Başbakan bu CV ile işsiz kalırdı

Haber Giriş : 24 Aralık 2005 14:30, Son Güncelleme : 27 Mart 2018 00:42

Üniversiteye giriş için geri sayımın başladığı şu günlerde, liselerde önemli etkinler düzenleniyor. Hatta bazı liseler var ki hem yükseköğrenim fuarlarına ev sahipliği yapıyor. Hem de düzenlediği "Meslekler Günü" ile öğrencilerini, farklı mesleklerin temsilcileriyle bir araya getiriyor.

Böyle bir günde, büyük holdinglerimizden birinin insan kaynakları müdiresiyle aynı masayı paylaştık. Başka panelistler de vardı. Ama diğer konuşmacılar bir yana, bu müdiremizin söylediği bir söz çok manidardı.

Öğrencinin biri "İyi CV nasıl hazırlanır?" diye sordu. O da anlattı. O anda gözümün önüne Başbakan Erdoğan'ın CV'si geldi. İmam hatip mezunu. Popüler olmayan bir üniversiteyi bitirdi. İngilizce bilmiyor. Kasımpaşalı. Entelektüel hobileri de yok gibi.

Çizilen tabloya baktığımda, böyle bir CV, mülakata bile çağrılmaya değmeyecekler arasına alınıp daha en başta eleniyormuş. Çünkü aranılan nitelikler çok farklıymış... Bunu hatırlattım. Başbakan Erdoğan, size başvursaydı, işsiz kalırdı deyince, bir başka panelist arkadaşımız, atananlar ile seçilenler farklı. Tayyip Bey o makama seçilerek geldi dedi.

Sonunda anlaşıldı ki, CV'niz insan kaynakları müdürlerinin beğenmediği gibi olsa da bir ülkeye başbakan olabilirsiniz ama büyük bir şirkete bırakın bir müdür olmayı, kapıdan bile giremezsiniz. Ha, bu arada pek çok büyük ülke başbakanının CV'sinin, Erdoğan'ınkinden farklı olmadığını hatırlatmakta yarar var. Daha sonra yabancı dil konusu gündeme geldi. Başbakan Erdoğan tabii bu konuda da sınıfta kaldı. Dil bilmeyen, dış ilişkilerde başarılı olamazmış.

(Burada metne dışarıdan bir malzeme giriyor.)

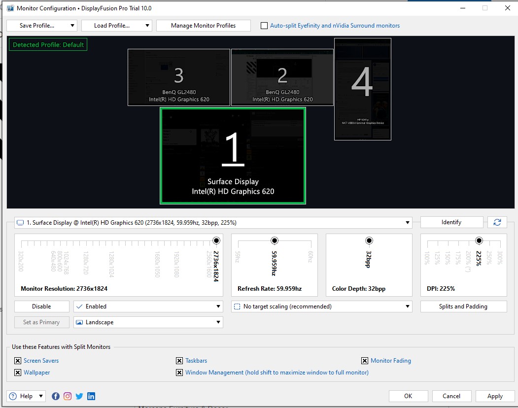 Thanks for sending that over, it looks like the DisplayFusion configuration matches the Windows one. If you click the "Identify" button, do the monitor ID's match to where your physical monitors are?
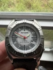 Nixon water resistant watch, smaller face. Young men or women’s watch. Not running , would need a new battery. Band is rubber. Perfect for swimming. No scratches. Face measures 1 and 1/4 “ x 1 and 1/4 inch. Watch with band measures 8.5 inches. Back of watch says STOP team designed, custom built
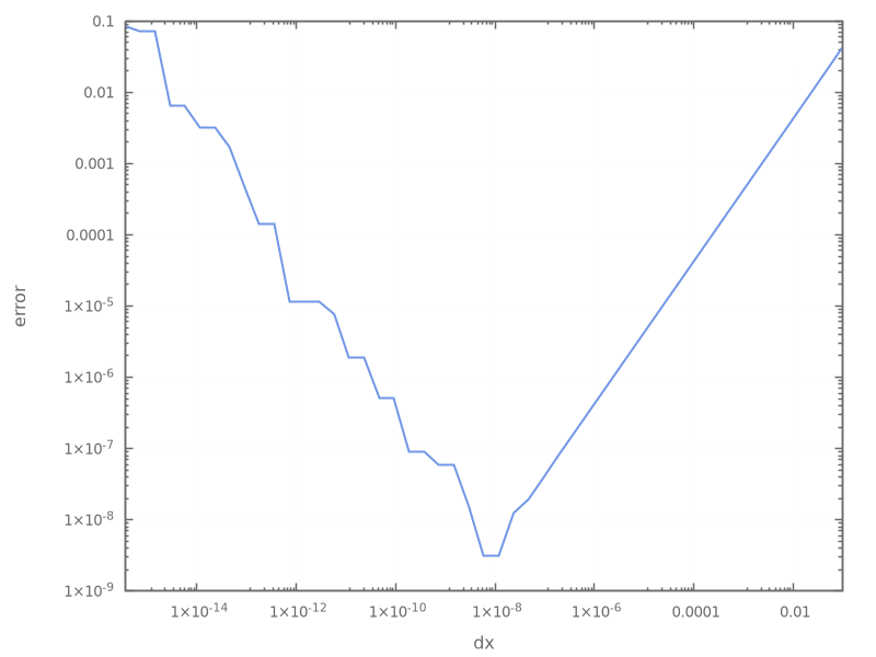 The minimum error here is around \(\sqrt{\epsilon}\), where \(\epsilon\) is machine epsilon.
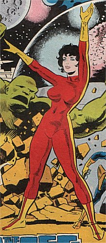 Identity/Class: Android Occupation: Agent of U.S. government Affiliations: member of the Misfits, worked for U.S. government Enemies: Unit One Known Relatives: None Aliases: None Base of Operations: Project Misfit First Appearance: Heroes, Inc Presents #1 (CPL Gang, 1975) Powers/Abilities: Mystra possessed "great mental powers" including telepathy and the ability to make others do her bidding. History: An artificially created human, Mystra possessed various mind powers. For reasons she later could not remember, she robbed a bank in New Chicago by simply convincing the staff to hand over money, but outside the bank she collapsed, and her crime was revealed. Sent to Project Misfit, she met and befriended fellow captives, the alien Shag and mutant Glomb. When the advance guard of the alien Unit One attacked Earth, his vast mental powers took control of humanity, paralysing them while the alien's robots began preparations to loot Earth's fissionable materials, but Mystra proved immune to the control and her fellow captives resistant, if not completely immune. Mystra confronted the alien, but found herself outmatched; however, by diverting his concentration, she inadvertently freed Shag and Glomb completely. They destroyed the robots, and Shag slew the alien just before he could kill Mystra. However Mystra had learned from the alien's mind that he came from an entire planet of such beings, a world driven through space by giant rocket motors, turned into a vast interstellar ship traversing from sun to sun looting whole worlds. Since a single alien had nearly defeated Earth, and there was an entire planet full of them on their way, the three outsiders banded together as the Misfits to stop them. Comments: Created by Wally Wood. |
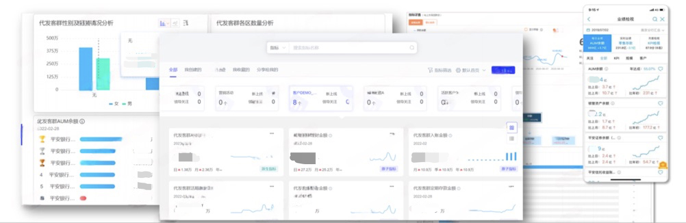 - 派生指标:为了满足复杂的指标分析场景,基于原子指标,添加过滤条件或者结合其他指标进行运算,帮助用户自助配置看板,节省取数过程。例如用户希望生成客均 AUM 余额进行分析,平台可以借助原子指标 AUM 余额与全量客户数生成该指标。
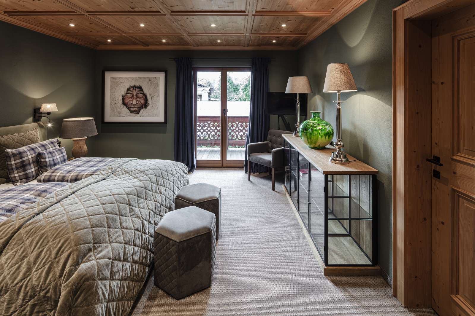 Im Obergeschoss befinden sich drei der insgesamt fünf Schlafzimmer jeweils mit eigenem Bad, eine Ankleide und der herrliche Südbalkon.
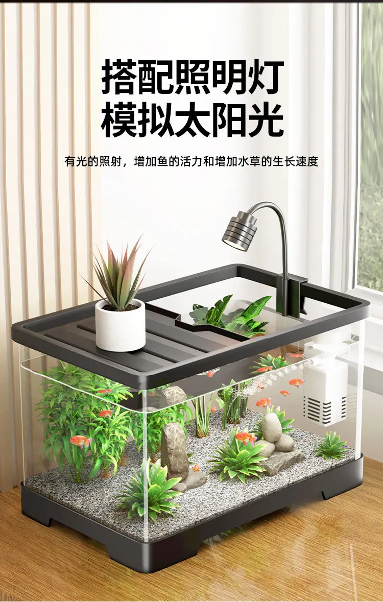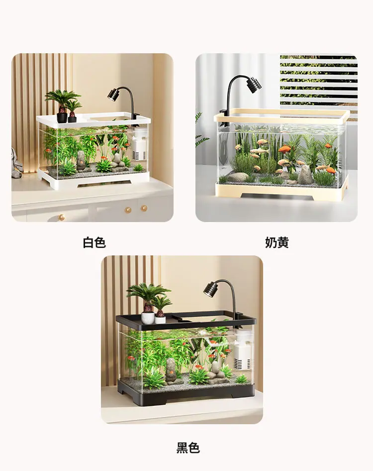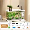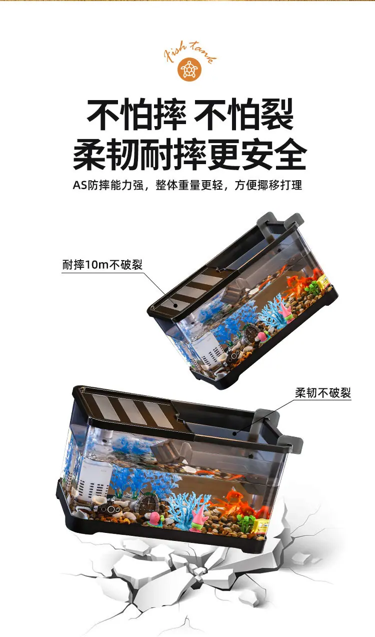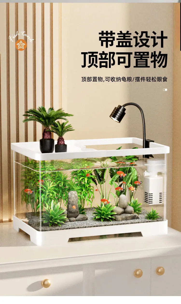 Acuario de Escritorio de Plástico para Hogar con Filtración Integrada para Sala de Estar, Tanque para Tortugas, Tanque Dedicado para Corrientes Ecológicas
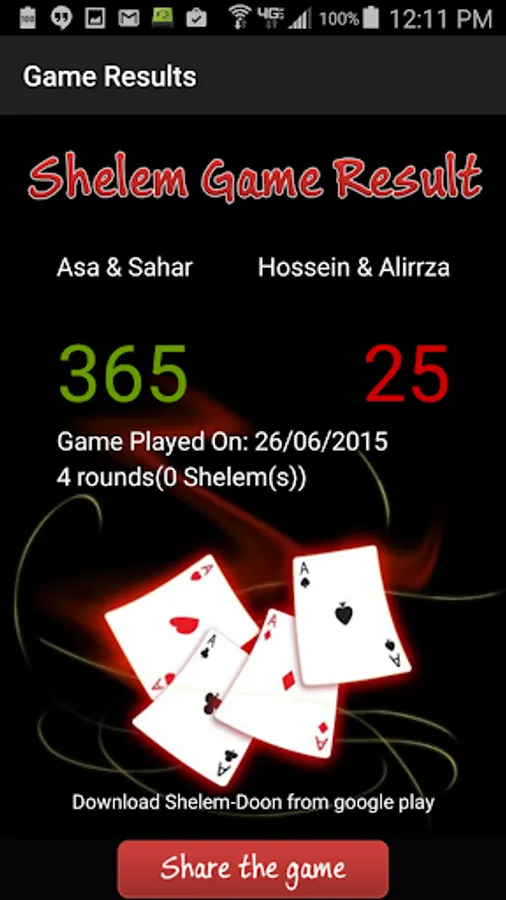 • Option to choose between different types of Shelem games(165- 200- 225 point games)
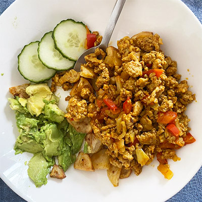 Recipe 1. Pan-fry potatoes in oil until golden; set aside. 2. In same pan, saute onion + garlic 1 2 min. 3. Add ground meat (chicken/turkey/beef) and cook until browned.I ve used turkey. 4. Stir in chopped bell peppers, onion, salt, pepper, and spices (paprika, cumin, turmeric or curry powder). Cook 3 4 min. 5. Add a splash of tomato sauce or chili paste (optional) and mix. 6. Serve with fried potatoes, sliced cucumber, and mashed avocado on the side.

Bir anda gözümün önünden birkaç dil bilen başbakanlarımız geldi geçti. Dış politika performanslarını düşündüm. Dünya liderleriyle diyaloglarını, dış seyahatlarını ve kat ettikleri yolu hatırlamaya çalıştım...

Başbakan Erdoğan'ı ve AKP'yi farklı icraatları nedeniyle, çok sık eleştirenlerden biri olarak, dış ilişkiler konusundaki performansını fazlasıyla kayda değer buluyorum. Başarılıdır, başarısızdır o ayrı bir tartışma konusu. Ama performansı, öncekilerle kıyaslanamayacak oranda aktif.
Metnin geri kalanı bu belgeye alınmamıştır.